Suppose we want to come up with a learner for the function class $C = \{monotone \ \ disjunctions \ \ on \ \ n \ \ literals\}$. 

First, let's look at some examples of functions that inhabit this class. *Monotone* refers to the fact that negation of literals is not allowed, and *disjunction* refers to the Boolean $\lor$ (the 'OR' operator). So $C$ is a class of Boolean functions which receive Boolean strings of leangth $n$ as input (i.e. $x \in \{0,1\}^n$) . For example, $f(x) = x_1 \lor x_2 \lor x_3$ is a monotone disjunction on $3$ Literals (i.e. $x \in \{0,1\}^3$).

Let $c \in C$ be the true function the learner is trying to guess. The hypothesis $h \in C$ is the current state of the learner (i.e. its current best guess for $c$). Set the initial state to $h_0(x) = x_1 \lor x_2 \lor ... \lor x_n$. Now suppose the learner is given the challenge $0110 ...0$. Its classification will be $h_0(0110...0) = 1$. If this is correct, the learner moves on to the next challenge without updating its state. If it's incorrect, then the learner knows that the literals $x_2$, and $x_3$ are not in $c$. The new state is $h_1(x) = x_1 \lor x_4 \lor ... \lor x_n$.

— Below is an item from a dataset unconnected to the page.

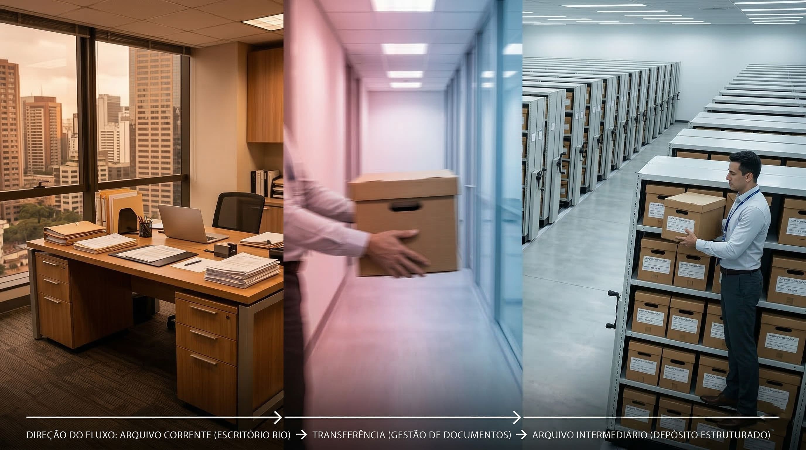 Quando pensamos na organização de documentos dentro de uma grande empresa ou em uma repartição pública, é muito comum que nossa mente crie apenas duas imagens extremas: ou pensamos naquelas pilhas de papéis bagunçados em cima da mesa de um funcionário que precisa deles todos os dias, ou imaginamos um porão escuro e histórico onde documentos seculares repousam para sempre. No entanto, a verdadeira inteligência da gestão da informação acontece exatamente no meio do caminho entre esses dois cenários.

Note that two literals were eliminated from consideration. In fact, every time the learner makes a mistake at least one literal must be eliminated. Since there are $n$ literals in any given challenge, the learner can make at most $n$ mistakes.


**Example: Learning Disjunctions** 

Now suppose the goal is to learn the function class $C' = \{disjunctions \ \ on \ \ n \ \ literals\}$. With some extra setup we can re-use the learner in the previous example to learn this larger class. 

First, here's an example of a function in $C' $: $f(x) = \neg{x_1} \lor x_2 \lor \neg(x_3)$.

Suppose the learner again receives the challenge $0110...0$ and that it's initial state is, again, $h_0$. If the learner's classification is incorrect, there's no way to distinguish between the following cases: 

Case 1: The actual function $c$ contains neither the literals $x_2$ nor $x_3$
Case 2: The actual function $c$ contains both the literals $\neg{x_2}$ and $\neg{x_3}$ 
Case 3: The actual function $c$ contains one of the literals $\neg x_2$ or $\neg x_3$ and does not contain the other 

In short, the strategy outlined in the previous example yields non-deterministic results. 

Note that each literal in a function belonging to $C'$ is encoded using $2$ bits of information as opposed to the $1$ bit required to encode a literal in a function belonging to $C$. We can ask two Boolean questions: the literal either exists in the function or not ($1$ bit), and it's negated or not (the $2$nd bit). So, it seems that in a sense $C'$ is twice the size of $C$. Motivated by this insight, we come up with a bijection from $C'$ to $\{monotone \ \ disjunctions \ \ on \ \ 2n \ \ literals\}$. We append $n$ extra $y$-literals at the end of the input such that each $y$-literal is the negation of its corresponding $x$-literal. That is, an input of the form $x = (x_1, x_2, ...,  x_n)$  is mapped to $\hat x = (x_1, x_2, ... ,x_n,y_1, y_2, ..., y_n)$ with $y_i = \neg x_i \ \ \forall i$. 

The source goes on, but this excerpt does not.